Great photos! Thanks for the link!!


----------



## pardus (Apr 3, 2015)

Very cool!


----------



## Grunt (Apr 3, 2015)

Now I have 65 more options for new screen savers! 

Very cool photos indeed.


----------



## racing_kitty (Apr 3, 2015)

My personal faves: Marine drill team with Fat Albert overhead, and the flying dog attacking the bite sleeve.


----------



## Viper1 (Apr 3, 2015)

The Carl G and AT-4 photos are awesome.


----------



## parallel (Apr 3, 2015)

I can add another, this was taken from the bridge of the USS John L Hall (FFG-32) circa 1987-88ish.


----------



## DA SWO (Apr 3, 2015)

Was the harrier crash the same in Afghanistan (there was a youtube video of it)?


----------



## pardus (Apr 3, 2015)

DA SWO said:


> Was the harrier crash the same in Afghanistan (there was a youtube video of it)?

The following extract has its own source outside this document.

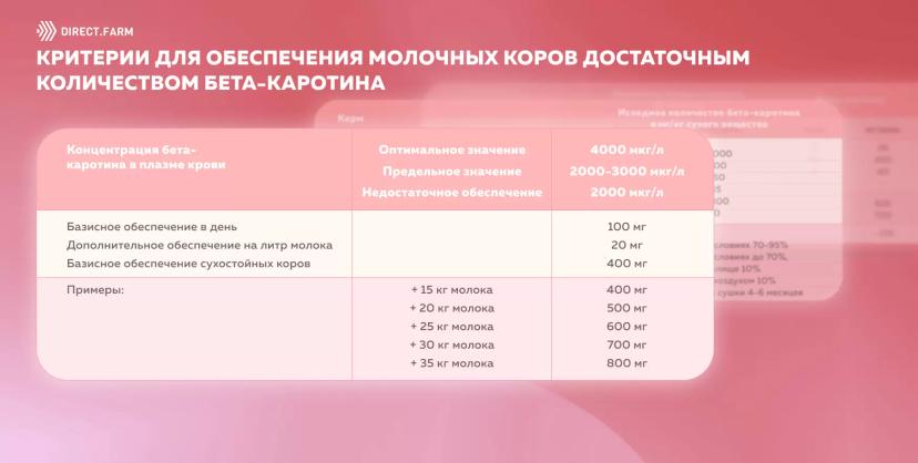 Но у коров с надоями 30 кг и выше с одной стороны, повышенная потребность в бета-каротине, а с другой, в следствии вытеснения основного корма концентратами, снижено его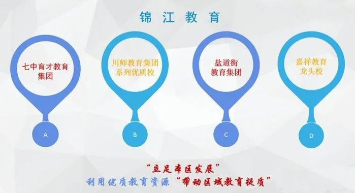 图中仅是川师教育集团在锦江区的布局。其中,除川师附中(锦华分校)是 2022 年启动新校,其他几所都是非常成熟的老校,都有优秀的教学成绩。

That's what I was thinking.


----------



## Dame (Apr 4, 2015)

Photographer: David Havenhand, RIP


----------



## JHD (Apr 5, 2015)

Thanks for sharing.  These are terrific.


----------



## Gunz (Apr 5, 2015)

That was fun. Thanks


----------



## SpitfireV (Apr 5, 2015)

You can really see how much those Iowa class would move sideways when they fired all their guns. 

Interestingly, those small turrets have 2x 127mm guns, so one of those turrets has the gun firepower of our entire frigate fleet.


----------